TASK REQUIREMENTS:
In the listing below, write out exactly each line from the first through the one containing "Tarana (transl. Anthem)[lower-alpha".

EXTRACTED RECORDS:
=-=-=-=-=

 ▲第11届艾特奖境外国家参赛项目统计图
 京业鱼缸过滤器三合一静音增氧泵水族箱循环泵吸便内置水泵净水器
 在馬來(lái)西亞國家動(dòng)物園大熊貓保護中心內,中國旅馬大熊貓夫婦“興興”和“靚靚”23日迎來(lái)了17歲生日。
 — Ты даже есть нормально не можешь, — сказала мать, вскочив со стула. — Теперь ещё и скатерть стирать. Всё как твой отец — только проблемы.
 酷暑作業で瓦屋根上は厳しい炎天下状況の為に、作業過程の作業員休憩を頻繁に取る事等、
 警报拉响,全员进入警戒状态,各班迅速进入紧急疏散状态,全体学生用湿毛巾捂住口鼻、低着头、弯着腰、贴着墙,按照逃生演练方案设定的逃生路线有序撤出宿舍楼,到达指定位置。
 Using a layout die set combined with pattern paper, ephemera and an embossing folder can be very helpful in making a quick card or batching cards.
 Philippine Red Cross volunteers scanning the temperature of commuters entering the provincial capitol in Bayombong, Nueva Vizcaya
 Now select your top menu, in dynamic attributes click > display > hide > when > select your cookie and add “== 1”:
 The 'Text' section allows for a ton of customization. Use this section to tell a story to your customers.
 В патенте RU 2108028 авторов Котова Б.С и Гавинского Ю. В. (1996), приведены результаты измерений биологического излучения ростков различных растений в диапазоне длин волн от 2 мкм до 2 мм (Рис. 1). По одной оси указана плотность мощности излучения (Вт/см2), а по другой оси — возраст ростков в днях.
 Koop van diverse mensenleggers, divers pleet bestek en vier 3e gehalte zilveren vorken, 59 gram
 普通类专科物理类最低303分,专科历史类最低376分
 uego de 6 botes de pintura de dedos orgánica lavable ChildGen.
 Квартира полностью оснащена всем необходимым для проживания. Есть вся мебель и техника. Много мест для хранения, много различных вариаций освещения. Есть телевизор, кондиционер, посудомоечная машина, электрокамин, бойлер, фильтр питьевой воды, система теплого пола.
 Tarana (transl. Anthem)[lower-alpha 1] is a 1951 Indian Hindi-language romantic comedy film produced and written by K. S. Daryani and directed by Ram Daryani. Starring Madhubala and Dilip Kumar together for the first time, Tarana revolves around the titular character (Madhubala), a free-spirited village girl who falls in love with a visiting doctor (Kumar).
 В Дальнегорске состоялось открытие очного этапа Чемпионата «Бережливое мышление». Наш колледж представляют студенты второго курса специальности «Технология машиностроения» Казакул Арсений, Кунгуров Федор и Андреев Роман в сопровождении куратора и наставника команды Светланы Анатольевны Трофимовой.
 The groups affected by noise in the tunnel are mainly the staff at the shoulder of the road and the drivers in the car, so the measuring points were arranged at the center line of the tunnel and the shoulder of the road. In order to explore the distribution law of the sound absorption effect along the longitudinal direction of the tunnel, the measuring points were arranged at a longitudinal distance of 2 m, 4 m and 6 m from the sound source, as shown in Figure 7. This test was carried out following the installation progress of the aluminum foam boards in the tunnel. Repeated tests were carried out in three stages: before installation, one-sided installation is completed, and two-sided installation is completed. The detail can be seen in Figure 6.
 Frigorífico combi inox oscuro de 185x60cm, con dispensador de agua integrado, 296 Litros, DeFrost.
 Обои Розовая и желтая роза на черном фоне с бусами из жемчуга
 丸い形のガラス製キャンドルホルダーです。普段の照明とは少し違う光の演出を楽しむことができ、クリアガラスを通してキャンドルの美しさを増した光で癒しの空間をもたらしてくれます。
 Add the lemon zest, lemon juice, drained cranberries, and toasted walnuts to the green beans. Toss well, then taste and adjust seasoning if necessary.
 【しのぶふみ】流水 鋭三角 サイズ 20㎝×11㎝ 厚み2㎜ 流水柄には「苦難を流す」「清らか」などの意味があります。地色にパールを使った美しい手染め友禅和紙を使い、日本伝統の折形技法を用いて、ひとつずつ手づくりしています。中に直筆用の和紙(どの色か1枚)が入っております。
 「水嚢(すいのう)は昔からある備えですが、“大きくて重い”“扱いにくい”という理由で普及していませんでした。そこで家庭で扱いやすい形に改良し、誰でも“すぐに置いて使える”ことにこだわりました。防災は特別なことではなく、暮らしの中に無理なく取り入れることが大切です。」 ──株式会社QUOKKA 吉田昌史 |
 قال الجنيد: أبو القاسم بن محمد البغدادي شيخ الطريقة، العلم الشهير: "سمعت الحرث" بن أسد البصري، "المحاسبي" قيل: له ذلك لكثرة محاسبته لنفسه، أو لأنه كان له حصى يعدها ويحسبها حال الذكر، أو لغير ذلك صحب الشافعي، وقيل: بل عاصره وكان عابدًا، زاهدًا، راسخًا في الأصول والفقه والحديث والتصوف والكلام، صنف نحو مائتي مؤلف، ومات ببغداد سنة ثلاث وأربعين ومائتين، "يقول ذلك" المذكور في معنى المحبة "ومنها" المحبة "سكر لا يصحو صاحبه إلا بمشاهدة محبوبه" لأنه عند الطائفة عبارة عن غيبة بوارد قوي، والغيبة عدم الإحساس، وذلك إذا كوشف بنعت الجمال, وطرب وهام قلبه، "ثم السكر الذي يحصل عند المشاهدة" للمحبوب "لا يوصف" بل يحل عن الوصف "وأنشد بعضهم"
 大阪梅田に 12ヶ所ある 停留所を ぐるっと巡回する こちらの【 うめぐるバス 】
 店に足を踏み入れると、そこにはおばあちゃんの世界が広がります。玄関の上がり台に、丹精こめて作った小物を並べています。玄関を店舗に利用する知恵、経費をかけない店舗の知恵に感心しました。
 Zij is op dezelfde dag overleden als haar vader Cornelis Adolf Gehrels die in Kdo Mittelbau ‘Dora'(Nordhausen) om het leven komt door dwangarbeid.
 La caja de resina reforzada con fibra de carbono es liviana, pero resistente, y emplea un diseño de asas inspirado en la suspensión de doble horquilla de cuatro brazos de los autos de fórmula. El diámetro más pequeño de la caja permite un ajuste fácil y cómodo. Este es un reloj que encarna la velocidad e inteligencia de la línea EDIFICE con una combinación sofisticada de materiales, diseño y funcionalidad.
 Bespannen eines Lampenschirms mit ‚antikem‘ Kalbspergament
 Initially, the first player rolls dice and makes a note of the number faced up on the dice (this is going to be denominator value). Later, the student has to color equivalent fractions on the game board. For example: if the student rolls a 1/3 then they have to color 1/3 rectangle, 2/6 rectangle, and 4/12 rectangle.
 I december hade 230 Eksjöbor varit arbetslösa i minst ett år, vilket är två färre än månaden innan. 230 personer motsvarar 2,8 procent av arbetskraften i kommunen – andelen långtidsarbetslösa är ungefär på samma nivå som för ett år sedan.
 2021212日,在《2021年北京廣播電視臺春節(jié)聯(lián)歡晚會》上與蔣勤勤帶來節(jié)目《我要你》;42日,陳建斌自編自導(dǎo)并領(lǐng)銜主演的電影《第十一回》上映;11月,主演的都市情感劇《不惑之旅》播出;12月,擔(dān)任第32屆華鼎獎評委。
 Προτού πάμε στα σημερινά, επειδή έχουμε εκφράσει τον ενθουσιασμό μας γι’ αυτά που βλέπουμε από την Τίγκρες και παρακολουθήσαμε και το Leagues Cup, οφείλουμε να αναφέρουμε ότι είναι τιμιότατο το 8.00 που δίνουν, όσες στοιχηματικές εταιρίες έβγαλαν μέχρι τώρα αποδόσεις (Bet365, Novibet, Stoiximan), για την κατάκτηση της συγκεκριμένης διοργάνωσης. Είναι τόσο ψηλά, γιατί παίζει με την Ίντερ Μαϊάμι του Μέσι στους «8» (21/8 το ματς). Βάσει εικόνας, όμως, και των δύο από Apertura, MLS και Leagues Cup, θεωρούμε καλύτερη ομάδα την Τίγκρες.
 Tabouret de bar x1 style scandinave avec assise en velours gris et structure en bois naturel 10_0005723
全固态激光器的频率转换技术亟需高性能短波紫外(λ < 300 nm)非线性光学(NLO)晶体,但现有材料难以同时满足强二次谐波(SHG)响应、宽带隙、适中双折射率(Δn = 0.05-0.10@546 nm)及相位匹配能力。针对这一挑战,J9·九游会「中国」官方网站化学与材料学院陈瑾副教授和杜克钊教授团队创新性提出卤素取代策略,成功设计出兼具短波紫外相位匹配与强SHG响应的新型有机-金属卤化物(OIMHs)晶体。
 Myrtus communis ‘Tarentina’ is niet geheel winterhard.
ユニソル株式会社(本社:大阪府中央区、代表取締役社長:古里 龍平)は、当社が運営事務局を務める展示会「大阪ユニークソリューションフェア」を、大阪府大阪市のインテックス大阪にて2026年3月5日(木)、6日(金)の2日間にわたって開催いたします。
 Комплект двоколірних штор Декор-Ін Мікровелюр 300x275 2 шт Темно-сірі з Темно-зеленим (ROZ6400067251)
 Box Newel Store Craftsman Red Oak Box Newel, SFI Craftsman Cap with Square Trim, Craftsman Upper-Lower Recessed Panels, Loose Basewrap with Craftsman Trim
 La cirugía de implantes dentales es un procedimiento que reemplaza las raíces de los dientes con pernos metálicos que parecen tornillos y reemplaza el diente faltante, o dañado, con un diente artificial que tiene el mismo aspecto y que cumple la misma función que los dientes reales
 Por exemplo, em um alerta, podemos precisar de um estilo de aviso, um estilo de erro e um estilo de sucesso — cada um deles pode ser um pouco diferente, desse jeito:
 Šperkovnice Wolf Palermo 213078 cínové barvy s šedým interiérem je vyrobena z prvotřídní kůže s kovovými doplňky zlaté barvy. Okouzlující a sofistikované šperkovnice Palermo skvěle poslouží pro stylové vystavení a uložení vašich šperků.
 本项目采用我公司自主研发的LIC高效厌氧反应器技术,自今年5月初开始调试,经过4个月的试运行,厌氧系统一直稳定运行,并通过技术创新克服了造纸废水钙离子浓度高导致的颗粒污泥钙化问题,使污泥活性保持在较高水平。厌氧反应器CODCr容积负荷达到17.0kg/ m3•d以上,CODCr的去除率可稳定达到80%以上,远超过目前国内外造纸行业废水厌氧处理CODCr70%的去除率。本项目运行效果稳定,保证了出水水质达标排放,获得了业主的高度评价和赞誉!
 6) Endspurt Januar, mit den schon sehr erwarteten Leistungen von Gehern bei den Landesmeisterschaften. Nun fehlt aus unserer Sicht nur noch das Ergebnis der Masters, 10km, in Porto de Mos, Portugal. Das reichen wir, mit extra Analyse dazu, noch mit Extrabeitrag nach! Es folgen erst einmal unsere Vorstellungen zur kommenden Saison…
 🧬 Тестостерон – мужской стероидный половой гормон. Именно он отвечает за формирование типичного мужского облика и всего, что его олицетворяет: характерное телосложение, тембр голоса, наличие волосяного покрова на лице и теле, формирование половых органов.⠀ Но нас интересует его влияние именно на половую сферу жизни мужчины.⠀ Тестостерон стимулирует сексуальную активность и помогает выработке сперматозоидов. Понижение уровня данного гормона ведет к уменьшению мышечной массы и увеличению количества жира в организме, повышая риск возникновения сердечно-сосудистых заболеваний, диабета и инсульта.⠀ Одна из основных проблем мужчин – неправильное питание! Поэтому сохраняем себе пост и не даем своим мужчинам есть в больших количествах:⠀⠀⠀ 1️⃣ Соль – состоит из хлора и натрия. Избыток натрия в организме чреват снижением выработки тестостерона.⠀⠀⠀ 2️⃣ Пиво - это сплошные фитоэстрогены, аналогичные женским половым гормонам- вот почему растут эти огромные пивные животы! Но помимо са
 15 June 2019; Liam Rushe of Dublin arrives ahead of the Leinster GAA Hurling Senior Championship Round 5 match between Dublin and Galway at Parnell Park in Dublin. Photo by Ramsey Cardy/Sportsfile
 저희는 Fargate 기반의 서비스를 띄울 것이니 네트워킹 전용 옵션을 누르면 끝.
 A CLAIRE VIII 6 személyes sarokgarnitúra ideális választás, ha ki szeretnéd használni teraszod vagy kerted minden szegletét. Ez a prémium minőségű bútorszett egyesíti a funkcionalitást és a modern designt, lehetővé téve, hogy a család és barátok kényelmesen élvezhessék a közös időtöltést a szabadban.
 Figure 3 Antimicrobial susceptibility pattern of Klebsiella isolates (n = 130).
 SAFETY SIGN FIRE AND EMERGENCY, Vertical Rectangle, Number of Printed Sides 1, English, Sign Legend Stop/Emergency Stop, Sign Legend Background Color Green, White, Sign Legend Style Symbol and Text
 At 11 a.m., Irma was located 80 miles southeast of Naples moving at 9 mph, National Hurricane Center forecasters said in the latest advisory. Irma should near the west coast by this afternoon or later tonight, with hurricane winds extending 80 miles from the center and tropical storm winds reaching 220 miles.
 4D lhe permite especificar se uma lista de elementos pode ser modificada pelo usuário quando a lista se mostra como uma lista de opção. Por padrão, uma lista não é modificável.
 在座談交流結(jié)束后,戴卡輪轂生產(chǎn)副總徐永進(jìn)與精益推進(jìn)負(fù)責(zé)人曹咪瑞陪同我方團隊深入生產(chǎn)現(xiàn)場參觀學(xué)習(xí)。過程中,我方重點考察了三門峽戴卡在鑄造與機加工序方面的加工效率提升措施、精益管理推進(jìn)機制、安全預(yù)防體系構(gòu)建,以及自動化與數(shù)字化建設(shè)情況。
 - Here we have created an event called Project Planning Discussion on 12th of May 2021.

=-=-=-=-=

EXERCISE ANSWER:
 ▲第11届艾特奖境外国家参赛项目统计图
 京业鱼缸过滤器三合一静音增氧泵水族箱循环泵吸便内置水泵净水器
 在馬來(lái)西亞國家動(dòng)物園大熊貓保護中心內,中國旅馬大熊貓夫婦“興興”和“靚靚”23日迎來(lái)了17歲生日。
 — Ты даже есть нормально не можешь, — сказала мать, вскочив со стула. — Теперь ещё и скатерть стирать. Всё как твой отец — только проблемы.
 酷暑作業で瓦屋根上は厳しい炎天下状況の為に、作業過程の作業員休憩を頻繁に取る事等、
 警报拉响,全员进入警戒状态,各班迅速进入紧急疏散状态,全体学生用湿毛巾捂住口鼻、低着头、弯着腰、贴着墙,按照逃生演练方案设定的逃生路线有序撤出宿舍楼,到达指定位置。
 Using a layout die set combined with pattern paper, ephemera and an embossing folder can be very helpful in making a quick card or batching cards.
 Philippine Red Cross volunteers scanning the temperature of commuters entering the provincial capitol in Bayombong, Nueva Vizcaya
 Now select your top menu, in dynamic attributes click > display > hide > when > select your cookie and add “== 1”:
 The 'Text' section allows for a ton of customization. Use this section to tell a story to your customers.
 В патенте RU 2108028 авторов Котова Б.С и Гавинского Ю. В. (1996), приведены результаты измерений биологического излучения ростков различных растений в диапазоне длин волн от 2 мкм до 2 мм (Рис. 1). По одной оси указана плотность мощности излучения (Вт/см2), а по другой оси — возраст ростков в днях.
 Koop van diverse mensenleggers, divers pleet bestek en vier 3e gehalte zilveren vorken, 59 gram
 普通类专科物理类最低303分,专科历史类最低376分
 uego de 6 botes de pintura de dedos orgánica lavable ChildGen.
 Квартира полностью оснащена всем необходимым для проживания. Есть вся мебель и техника. Много мест для хранения, много различных вариаций освещения. Есть телевизор, кондиционер, посудомоечная машина, электрокамин, бойлер, фильтр питьевой воды, система теплого пола.
 Tarana (transl. Anthem)[lower-alpha 1] is a 1951 Indian Hindi-language romantic comedy film produced and written by K. S. Daryani and directed by Ram Daryani. Starring Madhubala and Dilip Kumar together for the first time, Tarana revolves around the titular character (Madhubala), a free-spirited village girl who falls in love with a visiting doctor (Kumar).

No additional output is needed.